Parfois, une question précise était à la base d’un avis plus succinct, comme par exemple la question si des clauses qui excluent toute responsabilité en cas de retard ou de correspondance manquée dans le chef de la S.N.C.B. ne seraient pas abusives (C.C.A. n° 7 du 7 juin 2000).
Il y a enfin les avis de la Commission sur des projets de législations, qui n’ont pas toujours aboutis à de la législation. L’attention peut par exemple être attirée sur l’avis sur ce qui est devenu l’arrêté royal du 12 janvier 2007 relatif à l’usage de certaines clauses dans les contrats d’intermédiaire des agents immobiliers (C.C.A. 21 du 22 novembre 2006). Ce dernier arrêté a été basé pour une grande partie sur des recommandations antérieures de la Commission (C.C.A. 13 du 3 juin 2004).

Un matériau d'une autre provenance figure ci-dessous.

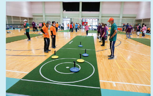
ユニカールはチームワークと作戦
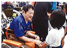
▲可愛い園児を前に笑顔がこぼれます

敬老行事の後には、全体会食があり、ちらし寿司などのメニューが振舞われました。また、デザートとしてお祝い者にはお祝いケーキが、その他の利用者にもショートケーキが用意され、皆さん美味しく食べていました。
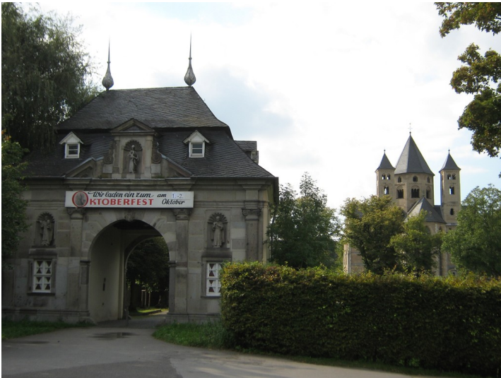
Torhaus und Basilika Kloster Knechtsteden
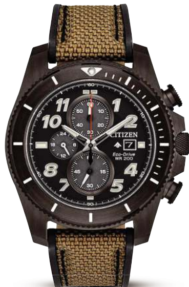
CA0727-04E $695.00 44 mm SSC CS NYPU BKL - WR200
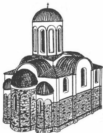
Рис. 3. Церква Св. Пантелеймона в околицях княжого Галича (поч. XIII ст.). Реконструкція Й. Пеленського.

У 1911-1912 рр. Й. Пеленський здійснив археологічні розкопки з метою пошуку фундаментів Успенського собору, які, на думку дослідника, мали знаходитися на місці парохіяльної церкви Успіння Пресвятої Богородиці у Крилосі. Викопавши навколо церкви кілька шурфів глибиною до 3 м, Й. Пеленський встановив, що храм побудований на місці руїн ранішої
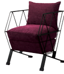
ルチル MBK 張地 / 布・スムージ UP403 ㊦
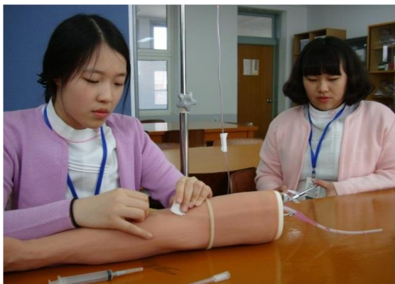
<보건간호과 수업 (간호조무사자격증)>
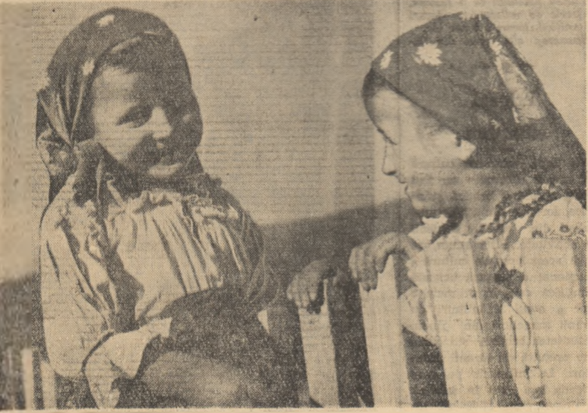
Slat la poartă.

Acest număr se deschide cu articolul „Un document - program al mișcării comuniste mondiale” semnat de Ștefan Voicu. Sînt publicate de asemenea, printre altele, articolele „Creșterea bunăstării oamenilor muncii - obiectiv suprem al politicii partidului” de Manea Mănescu, „Partidul Comunist Francez la a 40-a aniversare” de Jacques Duclos. La rubrica „Din experiența conducerii de partid a economiei” putem citi articolul lui V. Mihău - „Munca organizatorică și politică concretă, cheia în îndeplinirea planului de stat”. Sînt publicate de asemenea rubricile „Din presa partidelor comuniste și muncitorești”, „Critică și bibliografie”.

La Commission a déjà deux fois émis un avis sur base de la loi du 2 août 2002 (la loi « professions libérales »). Un avis a été donné sur un contrat modèle service d’avocat (avis n° 20 du 5 mai 2006). Cet avis a été demandé par l’ordre professionnel lui-même (Ordre des Barreaux flamands). Ensuite, le 16 décembre 2009, un avis a été émis sur les dispositions contractuelles dans les contrats conclus entre un architecte et un client.